Work item
Only one stretch of the data below is needed. Output the lines from the one with "Drevené hryzátko XKKO" up to and including the one with "而据德勤发布的《2021年上", exactly as they stand.

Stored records
════════

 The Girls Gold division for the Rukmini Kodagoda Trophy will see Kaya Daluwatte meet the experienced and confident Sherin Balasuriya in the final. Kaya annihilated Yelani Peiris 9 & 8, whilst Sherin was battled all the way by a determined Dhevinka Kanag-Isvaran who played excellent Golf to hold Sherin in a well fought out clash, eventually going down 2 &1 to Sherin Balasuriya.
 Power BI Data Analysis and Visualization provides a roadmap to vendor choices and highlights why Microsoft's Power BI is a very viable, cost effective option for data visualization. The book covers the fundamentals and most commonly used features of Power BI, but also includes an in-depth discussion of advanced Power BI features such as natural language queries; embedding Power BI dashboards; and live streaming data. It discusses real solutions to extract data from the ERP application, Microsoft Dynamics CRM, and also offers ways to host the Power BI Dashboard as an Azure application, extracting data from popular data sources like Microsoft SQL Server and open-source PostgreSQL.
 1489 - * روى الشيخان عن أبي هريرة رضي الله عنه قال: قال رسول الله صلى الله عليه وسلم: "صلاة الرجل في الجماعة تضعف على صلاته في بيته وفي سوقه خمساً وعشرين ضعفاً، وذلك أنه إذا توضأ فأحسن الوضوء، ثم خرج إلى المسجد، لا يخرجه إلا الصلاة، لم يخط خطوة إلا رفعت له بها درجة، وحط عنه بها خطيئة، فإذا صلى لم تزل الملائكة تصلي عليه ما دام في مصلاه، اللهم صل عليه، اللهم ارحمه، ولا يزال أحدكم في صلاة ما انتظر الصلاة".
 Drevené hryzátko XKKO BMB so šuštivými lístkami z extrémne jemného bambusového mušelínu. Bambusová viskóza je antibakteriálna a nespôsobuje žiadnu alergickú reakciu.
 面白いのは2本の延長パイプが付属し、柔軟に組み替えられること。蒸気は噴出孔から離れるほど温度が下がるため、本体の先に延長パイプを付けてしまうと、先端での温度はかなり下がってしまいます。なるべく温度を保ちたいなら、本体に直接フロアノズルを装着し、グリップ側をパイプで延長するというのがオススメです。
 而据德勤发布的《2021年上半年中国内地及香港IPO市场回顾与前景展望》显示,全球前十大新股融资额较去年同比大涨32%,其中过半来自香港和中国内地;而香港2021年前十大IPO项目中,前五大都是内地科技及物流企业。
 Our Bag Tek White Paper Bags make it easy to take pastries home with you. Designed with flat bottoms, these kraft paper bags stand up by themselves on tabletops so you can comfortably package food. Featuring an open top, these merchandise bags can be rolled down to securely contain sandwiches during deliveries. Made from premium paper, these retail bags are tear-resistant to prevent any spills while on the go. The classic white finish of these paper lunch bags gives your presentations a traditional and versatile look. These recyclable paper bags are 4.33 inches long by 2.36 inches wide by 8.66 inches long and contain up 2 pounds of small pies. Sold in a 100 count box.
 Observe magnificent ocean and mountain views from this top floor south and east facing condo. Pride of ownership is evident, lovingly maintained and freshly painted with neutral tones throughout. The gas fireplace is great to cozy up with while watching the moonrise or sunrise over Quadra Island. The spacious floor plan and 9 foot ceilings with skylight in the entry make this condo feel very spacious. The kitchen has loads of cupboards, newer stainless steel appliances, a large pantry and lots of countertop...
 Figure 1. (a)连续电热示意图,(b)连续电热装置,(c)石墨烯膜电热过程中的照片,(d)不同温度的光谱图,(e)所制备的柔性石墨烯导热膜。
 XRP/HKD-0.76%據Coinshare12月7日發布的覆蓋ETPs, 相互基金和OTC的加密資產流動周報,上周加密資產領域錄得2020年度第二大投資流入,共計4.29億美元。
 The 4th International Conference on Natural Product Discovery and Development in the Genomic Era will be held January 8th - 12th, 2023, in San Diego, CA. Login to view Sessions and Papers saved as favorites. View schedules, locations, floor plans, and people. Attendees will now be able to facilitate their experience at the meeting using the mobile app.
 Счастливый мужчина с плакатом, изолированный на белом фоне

════════

Output of the exercise
 Drevené hryzátko XKKO BMB so šuštivými lístkami z extrémne jemného bambusového mušelínu. Bambusová viskóza je antibakteriálna a nespôsobuje žiadnu alergickú reakciu.
 面白いのは2本の延長パイプが付属し、柔軟に組み替えられること。蒸気は噴出孔から離れるほど温度が下がるため、本体の先に延長パイプを付けてしまうと、先端での温度はかなり下がってしまいます。なるべく温度を保ちたいなら、本体に直接フロアノズルを装着し、グリップ側をパイプで延長するというのがオススメです。
 而据德勤发布的《2021年上半年中国内地及香港IPO市场回顾与前景展望》显示,全球前十大新股融资额较去年同比大涨32%,其中过半来自香港和中国内地;而香港2021年前十大IPO项目中,前五大都是内地科技及物流企业。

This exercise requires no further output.